When people found the baby elephant, it was less than three months old. “It must have been two days or less after she separated from the herd.” Otherwise, says Celine Sisler-Benvenu of the International Fund for Animal Welfare, he wouldn’t have survived on his own.
The people of a small village in Burkina Faso did not leave the animal in need, although four years ago, when they promised themselves that they would do everything in their power to save the baby elephant, they probably did not realize the challenge ahead. At first, they went to buy milk, and the pharmacy offered powdered infant formula. In fact, it was great at first. The elephant, which the local children called Nania, quickly gathered strength. He also made friends with a black and white sheep named Whisy.
The problem is that the baby elephant’s appetite is growing rapidly and at some point it has become so great that the locals can’t help the baby elephant anymore. “They really wanted to know how to deal with Nania,” Sissler-Bienvenu says.
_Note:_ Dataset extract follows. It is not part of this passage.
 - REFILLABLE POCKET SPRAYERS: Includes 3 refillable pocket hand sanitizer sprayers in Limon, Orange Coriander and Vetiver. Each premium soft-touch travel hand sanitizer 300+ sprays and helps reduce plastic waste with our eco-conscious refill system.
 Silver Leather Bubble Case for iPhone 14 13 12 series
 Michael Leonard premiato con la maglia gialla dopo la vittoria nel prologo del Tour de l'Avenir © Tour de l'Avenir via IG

Rescuing a baby elephant is quite a challenge, even if you have a well-equipped team of veterinarians and caregivers at your disposal. Rehabilitating such an orphan takes years of work. Growing cubs need milk for about three years. It takes longer to master the necessary survival skills and to grow to a size that allows the animal to defend itself against predators such as lions.
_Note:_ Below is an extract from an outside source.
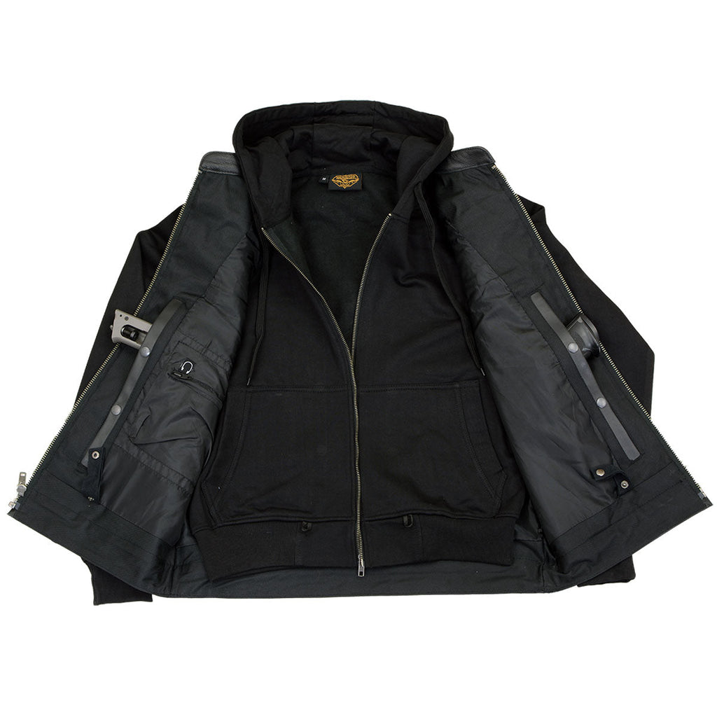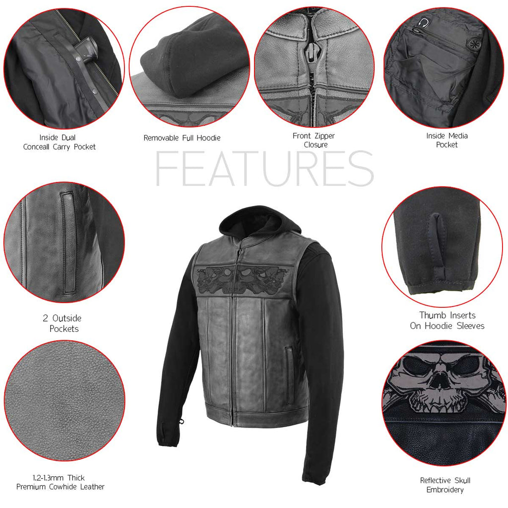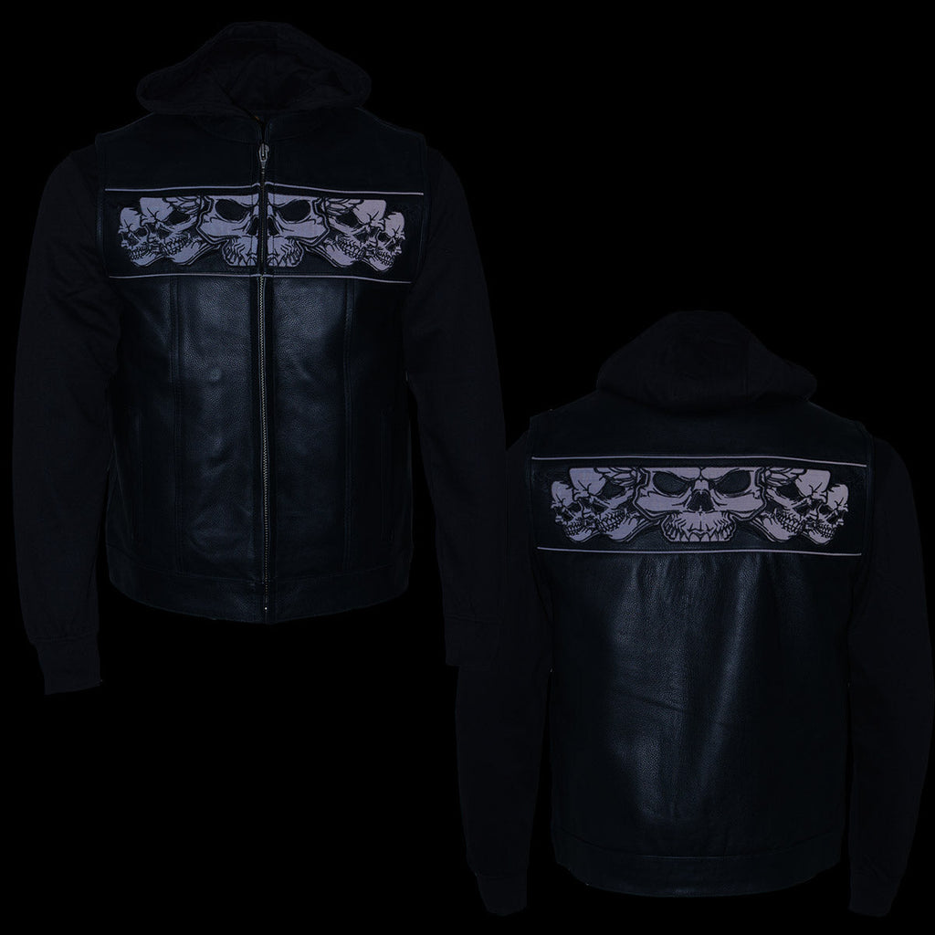 Milwaukee Leather MLM3563 Men's ‘2 in 1‘ Black Leather Vest with Reflective Skulls and Removable Hoodie
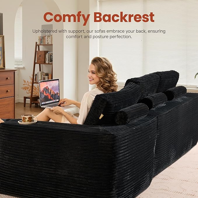 - Corduroy Fabric:Experience the lavish comfort of our enhanced corduroy fabric, offering unmatched softness and warmth. Its impressive durability and stain-fighting prowess keep your sofas looking fresh and lively. With a variety of color choices, our corduroy chaise sofa lets you showcase your unique style while adding irresistible charm to your space

Overwhelmed by the scale of the task ahead, the villagers turned to the local authorities for help, who in turn turned to the International Fund for Animal Welfare. Nania was taken to the nearby Dukes Palace National Park, where she had the opportunity to meet other representatives of her species. To ease the stress of moving, the little one is always accompanied by a friend, the Whisy sheep. And because the pet develops perfectly, the keepers faced even greater challenges. They want to find the baby elephant family and put them under the care of their biological mother.
DNA research has shown that Nanya is no ordinary elephant. It belongs to the smallest, rarest and most endangered species of these animals, the forest elephants. Its population has declined by 80 percent in half a century. Researchers estimate that fewer than 30,000 of them survived. “Given how dangerous these animals are, each counts,” said Ben Okita, co-chair of the IUCN African Elephant Specialist Group, adding, “Everyone is invaluable.”
However, genetic research gives the elephant a chance for a great miracle to happen. DNA tests that have already been performed have revealed that the elephant’s mother is likely still in the same area where the missing baby was discovered. Usually, orphaned elephants are located near the mother’s body. It is not known why Nania was separated from her family, but scientists suspect that the baby elephant may have lost its way, for example, while crossing the river at night.
However, before scientists attempt to return a baby elephant to nature, they must teach it to be an elephant. Nania was so used to people’s company that she was able to enter the charge d’affaires’ building to supervise the preparation of milk for her. She often played with children from nearby schools.
Currently, Nania spends several hours every day strolling in the park accompanied by Wessie the sheep. Thanks to this, he learns to find water and fruit. Keepers hope she’ll feel comfortable enough with the other elephants that she’ll decide to leave the enclosure on her own and join the herd. This, however, may take some time. When Nania saw the first wild elephants, she ran away.
Of course, it would be better for her to join not only any group, but also the group to which her mother belongs. There is a good chance of that. A few wild elephants, about 40, pass through the area where they were found. To find out if Nani’s relatives were among them, scientists began collecting samples of elephant dung. 17 of them were sent for analysis in the United States. They did not expect to run into this well: it is almost certain that one of the elephants tested was Nani’s mother. The elephant did not pass more than 300 meters from the fence. A family reunion years later will be the first such case in history.
However, we will have to wait a while for the opportunity. Wild elephants leave the park during the rainy season. They won’t be back until the end of October. If Nania joins any of the groups, scientists will continue to track her down to ensure her safety. Its future may depend not only on, but also on the entire endangered species.